One For The Road
Today I am pleased to be able to
participate in the blog tour for One For The Road by Morgen Bailey. My thanks
go to Sarah Hardy at Book On The Bright Side for my spot on the blog tour.
About
the Book
Panicked at killing a man on a Northamptonshire country road, drunk
driver Liam Ross buries the body in the woods. The man was an undercover cop.
When Liam returns to the woods… the body has disappeared.
Set in present-day Northamptonshire, England, ‘One for the Road’
focuses on three interweaving threads: the repercussions for drunk driver Liam
Ross after he hits a man on a country road when yet another argument with
live-in nurse girlfriend, Jo, has driven him to the pub on that fateful night;
gang underling Barry ‘Not Gary’ Newman; and newly married Todd Litten aka Neil
Ryder, the policeman who was just doing his job.
Extract
Today I am pleased to be able to share a little snippet of the
book for you to read.
Liam stared down at the man. Apart from the blue eyes – so blue
they were a walking cliché, or would have been before Liam hit him – everything
about him was bland. His scruffy beard, brown like the long coat unfurled
around him like Superman’s cape flying in the wind. No, darker, like something
out of a Victorian movie, a foe that Sherlock would have been chasing in the
dead of night. Like now.
The man’s shoes too were brown. One had stayed on, the
other lying side down at the same angle as the man’s shoed foot, as if keeping
unison even after death.
Liam wanted to fall to his knees, cry, tell the man he
was sorry, but he stood up, inhaled until he ran out of air, held it in as long
as he could as if to punish himself… but he knew the punishment if he got caught.
Stupid. You’re so stupid. Jo’s words again flooded his brain.
He wasn’t stupid. She knew he wasn’t stupid. They’d
met on the same Egyptology course and they’d had long conversations about Ma’at
and Egyptian religion, until they’d become one-sided conversations because he’d
lost interest and not renewed, switching to European languages instead.
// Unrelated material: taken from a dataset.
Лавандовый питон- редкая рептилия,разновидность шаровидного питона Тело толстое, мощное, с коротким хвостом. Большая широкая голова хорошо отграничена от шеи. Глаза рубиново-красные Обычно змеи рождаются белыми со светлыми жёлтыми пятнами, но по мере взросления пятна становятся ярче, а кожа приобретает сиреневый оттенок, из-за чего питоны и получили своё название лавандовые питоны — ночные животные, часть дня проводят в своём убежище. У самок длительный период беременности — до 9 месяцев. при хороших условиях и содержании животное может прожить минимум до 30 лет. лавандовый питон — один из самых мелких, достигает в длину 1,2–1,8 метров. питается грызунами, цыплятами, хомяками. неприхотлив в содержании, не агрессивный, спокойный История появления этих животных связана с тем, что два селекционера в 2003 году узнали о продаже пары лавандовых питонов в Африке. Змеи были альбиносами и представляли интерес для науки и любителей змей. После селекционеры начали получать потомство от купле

He
wished he’d gone with criminology.
Even the man’s trousers were brown. “Wanted to blend
in around here, did you?” Liam shook his head. “Blended in too bloody well.”
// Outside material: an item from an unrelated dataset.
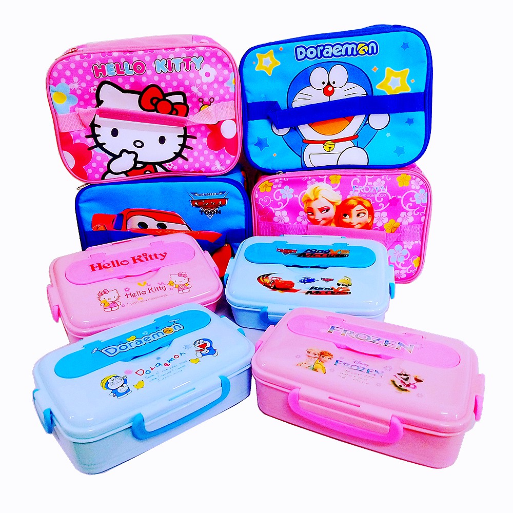 kids Lunch Box Bento 304 Stainless Steel -Cute Cartoon FROZEN DORAEMON HELLO KITTY food container & bag(Ready Stock)

He bent down and pulled at the man’s trouser legs.
“Let’s get you out of here.” He was surprisingly light. Despite the coat
exposing his top and trousers, Liam hadn’t noticed how skinny the man was.
“Living out here, were you? Yes, I bet you were. Who are you, mate? Do you not
have someone who loves you, who gives a sh…” Liam’s thoughts turned again to
Jo. He wondered if she’d care if he’d be the one lying in the middle of the
road, with a stranger dragging at his brown trousers. She would have once, but
he knew things had changed, irreparable damage? Certainly if she ever found out.
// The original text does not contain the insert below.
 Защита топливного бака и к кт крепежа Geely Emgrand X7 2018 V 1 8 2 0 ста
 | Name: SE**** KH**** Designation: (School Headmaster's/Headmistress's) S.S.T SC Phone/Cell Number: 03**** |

Liam groaned as he pulled the man along the tarmac,
but stopped as the man’s head scraped and bobbed along the ground. “Oh,
Christ.” Liam moved to the man’s torso and scooping his arms under his
shoulders, tried to drag him that way but Liam struggled to shuffle a few feet.
He lowered him again and brought the man’s arms above his shoulders and pulled
him along that way. It wasn’t quick but it was more humane. Liam watched as the
man’s sock peeled off and deposited itself it on the roadside.
He heaved the man up the shallow embankment until
there was enough distance between them and the road to be invisible. Liam’s
back complained until he let go of the man’s arms, letting him fall onto the
damp ground, and Liam was able to straighten up.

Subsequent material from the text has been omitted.